# [Your goal]
With the material below, print exactly the lines between the line holding "Противень смазать сливочным" and the line holding "El interior renovado", inclusive. Add nothing else.

┌──

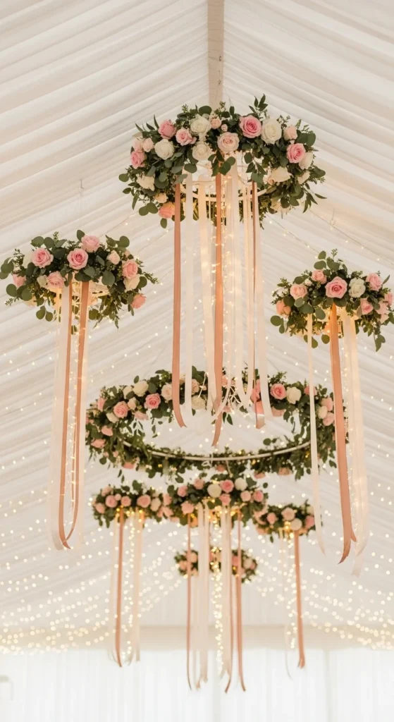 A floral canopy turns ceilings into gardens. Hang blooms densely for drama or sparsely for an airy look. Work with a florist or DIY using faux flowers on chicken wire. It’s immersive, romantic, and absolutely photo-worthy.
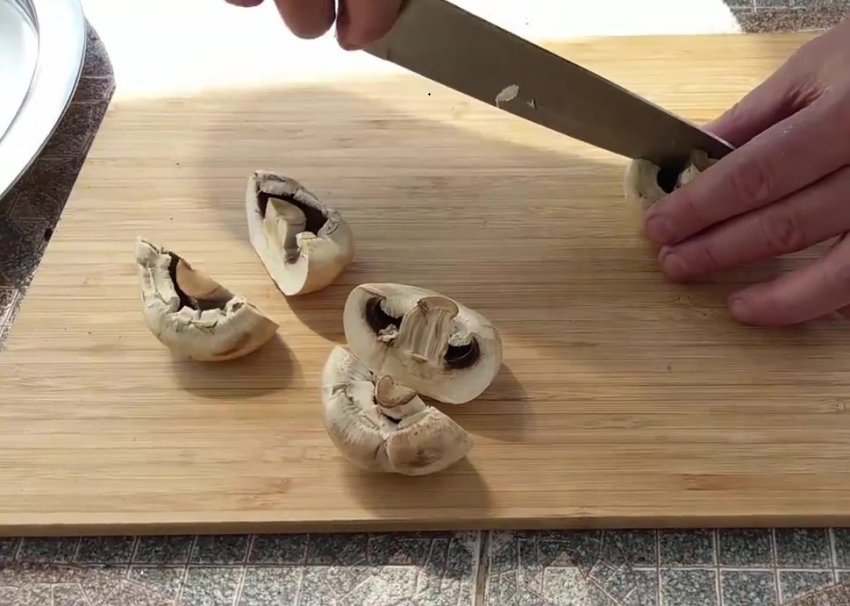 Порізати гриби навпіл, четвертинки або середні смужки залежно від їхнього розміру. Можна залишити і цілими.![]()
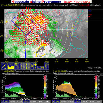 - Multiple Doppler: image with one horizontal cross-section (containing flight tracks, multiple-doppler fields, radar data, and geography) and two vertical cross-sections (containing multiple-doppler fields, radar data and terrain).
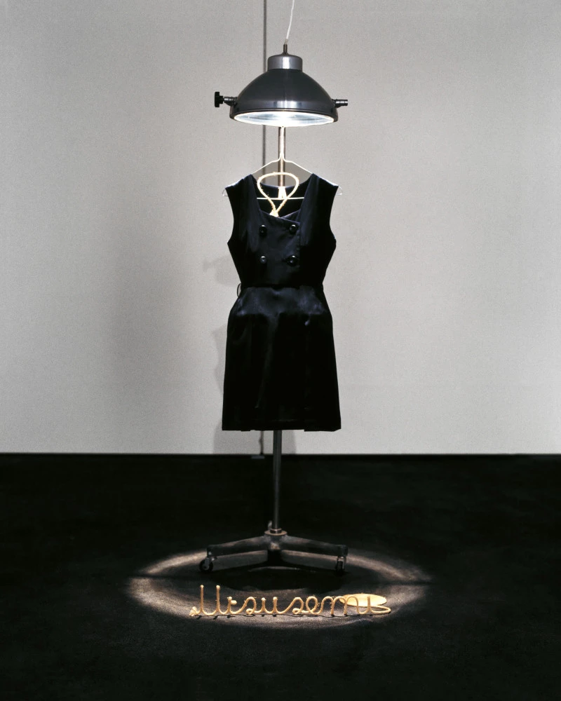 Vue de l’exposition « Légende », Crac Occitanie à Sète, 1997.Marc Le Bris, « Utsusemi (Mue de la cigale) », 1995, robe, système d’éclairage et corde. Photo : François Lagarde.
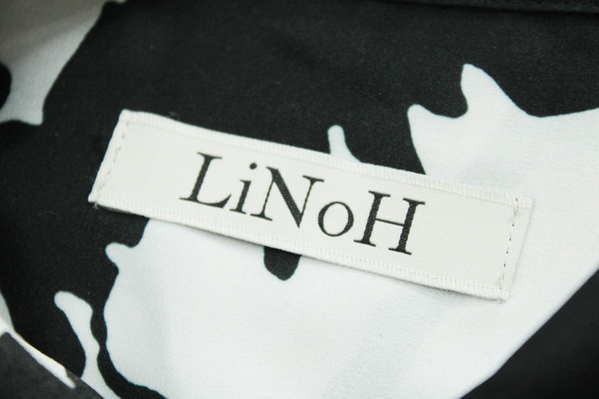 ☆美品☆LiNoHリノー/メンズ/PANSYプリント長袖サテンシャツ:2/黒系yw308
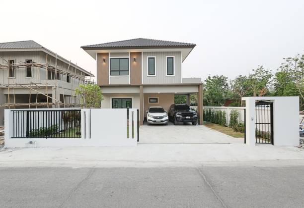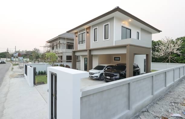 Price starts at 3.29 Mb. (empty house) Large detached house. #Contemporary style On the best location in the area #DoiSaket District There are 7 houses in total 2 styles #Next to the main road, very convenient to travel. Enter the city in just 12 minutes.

└──
┌──

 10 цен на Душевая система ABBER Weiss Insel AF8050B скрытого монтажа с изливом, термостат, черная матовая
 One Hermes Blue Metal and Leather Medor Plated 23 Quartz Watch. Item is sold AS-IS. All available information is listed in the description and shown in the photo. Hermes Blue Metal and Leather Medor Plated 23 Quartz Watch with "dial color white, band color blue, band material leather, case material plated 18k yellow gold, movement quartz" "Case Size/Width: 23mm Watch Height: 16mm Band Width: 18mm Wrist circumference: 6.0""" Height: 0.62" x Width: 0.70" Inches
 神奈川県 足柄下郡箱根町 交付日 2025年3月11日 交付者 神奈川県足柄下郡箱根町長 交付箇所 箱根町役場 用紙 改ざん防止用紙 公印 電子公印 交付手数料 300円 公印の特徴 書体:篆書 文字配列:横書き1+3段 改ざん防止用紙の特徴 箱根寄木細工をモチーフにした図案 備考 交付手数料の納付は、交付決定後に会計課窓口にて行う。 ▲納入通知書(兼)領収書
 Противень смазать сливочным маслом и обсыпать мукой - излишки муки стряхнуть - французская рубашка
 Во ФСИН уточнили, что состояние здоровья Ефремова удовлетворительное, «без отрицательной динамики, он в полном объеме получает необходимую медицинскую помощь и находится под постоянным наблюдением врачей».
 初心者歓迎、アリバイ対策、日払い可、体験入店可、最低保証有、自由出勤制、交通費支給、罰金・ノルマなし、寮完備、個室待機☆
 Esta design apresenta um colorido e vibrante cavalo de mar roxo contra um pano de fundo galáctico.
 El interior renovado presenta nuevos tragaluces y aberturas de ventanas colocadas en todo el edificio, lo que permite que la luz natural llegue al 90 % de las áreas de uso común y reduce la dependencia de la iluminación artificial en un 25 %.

└──
┌──

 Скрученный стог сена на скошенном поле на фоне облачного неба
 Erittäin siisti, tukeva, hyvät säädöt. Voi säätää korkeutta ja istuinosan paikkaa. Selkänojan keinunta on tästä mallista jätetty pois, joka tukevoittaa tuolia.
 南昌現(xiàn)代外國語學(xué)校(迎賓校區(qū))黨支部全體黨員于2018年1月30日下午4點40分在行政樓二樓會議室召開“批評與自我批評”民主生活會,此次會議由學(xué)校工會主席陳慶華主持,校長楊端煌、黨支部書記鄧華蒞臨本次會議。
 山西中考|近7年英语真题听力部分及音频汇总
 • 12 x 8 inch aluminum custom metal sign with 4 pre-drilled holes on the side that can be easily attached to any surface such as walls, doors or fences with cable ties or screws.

└──

# [Response for this exercise]
 Противень смазать сливочным маслом и обсыпать мукой - излишки муки стряхнуть - французская рубашка
 Во ФСИН уточнили, что состояние здоровья Ефремова удовлетворительное, «без отрицательной динамики, он в полном объеме получает необходимую медицинскую помощь и находится под постоянным наблюдением врачей».
 初心者歓迎、アリバイ対策、日払い可、体験入店可、最低保証有、自由出勤制、交通費支給、罰金・ノルマなし、寮完備、個室待機☆
 Esta design apresenta um colorido e vibrante cavalo de mar roxo contra um pano de fundo galáctico.
 El interior renovado presenta nuevos tragaluces y aberturas de ventanas colocadas en todo el edificio, lo que permite que la luz natural llegue al 90 % de las áreas de uso común y reduce la dependencia de la iluminación artificial en un 25 %.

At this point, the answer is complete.